🤖 AI Summary
This work proposes a teacher-free, reward-guided autoregressive framework for video generation, addressing the limitations of existing autoregressive methods that rely on high-quality teacher models—constraints that hinder both performance and scalability, particularly when such teachers are unavailable, leading to inferior generation quality compared to bidirectional models. By incorporating reward signals from reinforcement learning, the proposed approach optimizes the generation process while maintaining visual fidelity and temporal consistency, significantly simplifying the training pipeline.
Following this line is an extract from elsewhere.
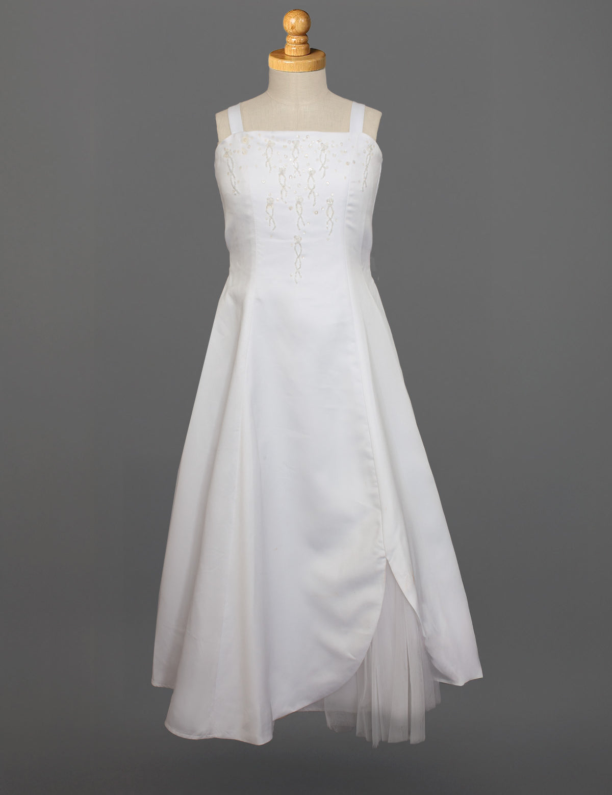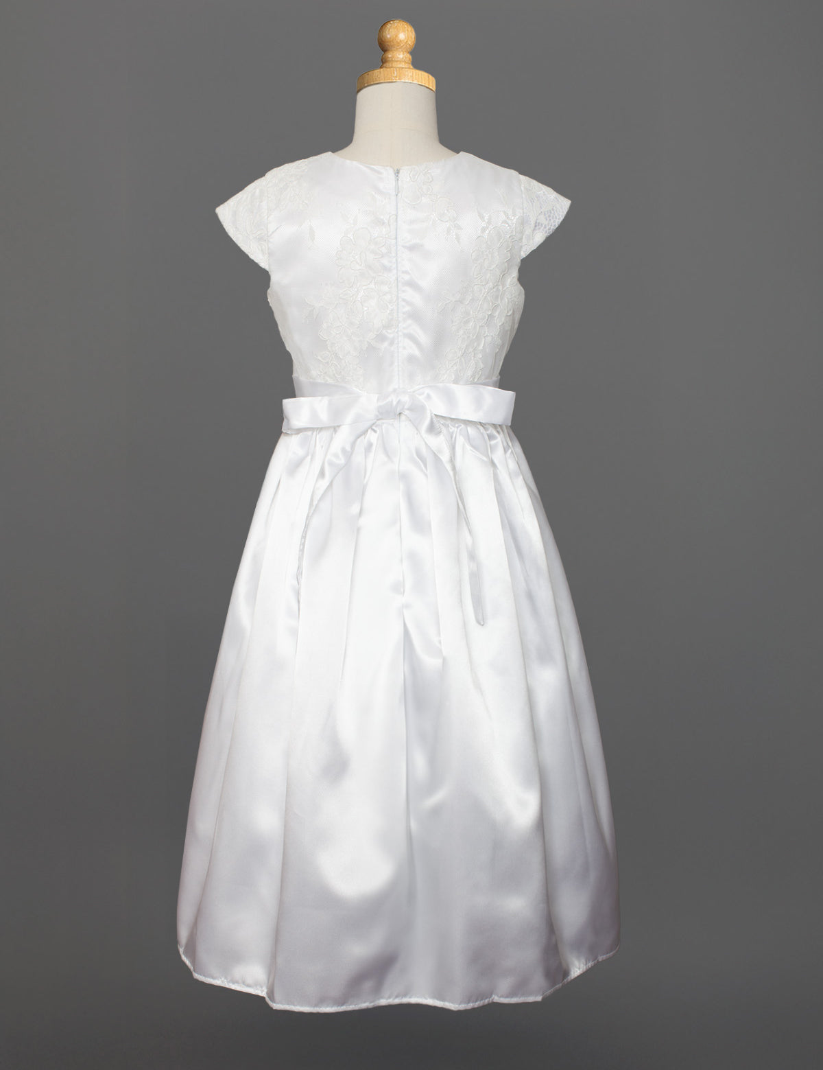 Satin A-Line Communion Dress w/ Hand Beaded Embellishments

Evaluated on the VBench benchmark, the method achieves a score of 84.92, outperforming comparable autoregressive approaches that depend on complex heterogeneous distillation (84.31) and approaching state-of-the-art performance, thereby demonstrating its effectiveness and scalability.
📝 Abstract
While most prior work in video generation relies on bidirectional architectures, recent efforts have sought to adapt these models into autoregressive variants to support near real-time generation. However, such adaptations often depend heavily on teacher models, which can limit performance, particularly in the absence of a strong autoregressive teacher, resulting in output quality that typically lags behind their bidirectional counterparts. In this paper, we explore an alternative approach that uses reward signals to guide the generation process, enabling more efficient and scalable autoregressive generation. By using reward signals to guide the model, our method simplifies training while preserving high visual fidelity and temporal consistency. Through extensive experiments on standard benchmarks, we find that our approach performs comparably to existing autoregressive models and, in some cases, surpasses similarly sized bidirectional models by avoiding constraints imposed by teacher architectures. For example, on VBench, our method achieves a total score of 84.92, closely matching state-of-the-art autoregressive methods that score 84.31 but require significant heterogeneous distillation.